Having entered that unanswerable protest, John Want shouldered the box, and drifted drearily out of the boat- house.

Left by himself, Crayford looked at his watch, and called to a sailor outside.

“Where are the ladies?” he asked.

“Mrs. Crayford is coming this way, sir. She was just behind you when you came in.”

“Is Miss Burnham with her?”

“No, sir; Miss Burnham is down on the beach with the passengers. I heard the young lady asking after you, sir.”

“Asking after me?” Crayford considered with himself as he repeated the words. He added, in lower and graver tones, “You had better tell Miss Burnham you have seen me here.”

The man made his salute and went out. Crayford took a turn in the boat-house.

Rescued from death in the Arctic wastes, and reunited to a beautiful wife, the lieutenant looked, nevertheless, unaccountably anxious and depressed. What could he be thinking of? He was thinking of Clara.

On the first day when the rescued men were received on board the Amazon, Clara had embarrassed and distressed, not Crayford only, but the other officers of the Expedition as well, by the manner in which she questioned them on the subject of Francis Aldersley and Richard Wardour. She had shown no signs of dismay or despair when she heard that no news had been received of the two missing men. She had even smiled sadly to herself, when Crayford (out of compassionate regard for her) declared that he and his comrades had not given up the hope of seeing Frank and Wardour yet. It was only when the lieutenant had expressed himself in those terms and when it was hoped that the painful subject had been dismissed—that Clara had startled every one present by announcing that she had something still to say in relation to Frank and Wardour, which had not been said yet. Though she spoke guardedly, her next words revealed suspicions of foul play lurking in her mind—exactly reflecting similar suspicions lurking in Crayford’s mind—which so distressed the lieutenant, and so surprised his comrades, as to render them quite incapable of answering her. The warnings of the storm which shortly afterward broke over the vessel were then visible in sea and sky. Crayford made them his excuse for abruptly leaving the cabin in which the conversation had taken place. His brother officers, profiting by his example, pleaded their duties on deck, and followed him out.
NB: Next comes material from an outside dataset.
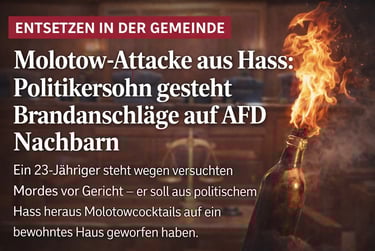 In Baden-Württemberg steht ein 23-jähriger Mann vor Gericht, weil er mehrere Brandanschläge auf Nachbarn verübt haben soll. Dabei setzte er offenbar Molotowcocktails ein und nahm in Kauf, dass Menschen zu Schaden kommen könnten. Laut Ermittlungen könnten politische Motive eine Rolle gespielt haben, da der Angeklagte eine starke Abneigung gegenüber der AfD gehabt haben soll. Der Mann hat die Taten gestanden, nun muss das Gericht klären, wie genau es zu der Eskalation kam und wie schwer die Schuld wiegt.

On the next day, and the next, the tempest still raged—and the passengers were not able to leave their state- rooms. But now, when the weather had moderated and the ship had anchored—now, when officers and passengers alike were on shore, with leisure time at their disposal—Clara had opportunities of returning to the subject of the lost men, and of asking questions in relation to them which would make it impossible for Crayford to plead an excuse for not answering her. How was he to meet those questions? How could he still keep her in ignorance of the truth?

These were the reflections which now troubled Crayford, and which presented him, after his rescue, in the strangely inappropriate character of a depressed and anxious man. His brother officers, as he well knew, looked to him to take the chief responsibility. If he declined to accept it, he would instantly confirm the horrible suspicion in Clara’s mind. The emergency must be met; but how to meet it—at once honorably and mercifully—was more than Crayford could tell. He was still lost in his own gloomy thoughts when his wife entered the boat-house. Turning to look at her, he saw his own perturbations and anxieties plainly reflected in Mrs. Crayford’s face.

“Have you seen anything of Clara?” he asked. “Is she still on the beach?”

“She is following me to this place,” Mrs. Crayford replied. “I have been speaking to her this morning. She is just as resolute as ever to insist on your telling her of the circumstances under which Frank is missing. As things are, you have no alternative but to answer her.”

“Help me to answer her, Lucy. Tell me, before she comes in, how this dreadful suspicion first took possession of her. All she could possibly have known when we left England was that the two men were appointed to separate ships. What could have led her to suspect that they had come together?”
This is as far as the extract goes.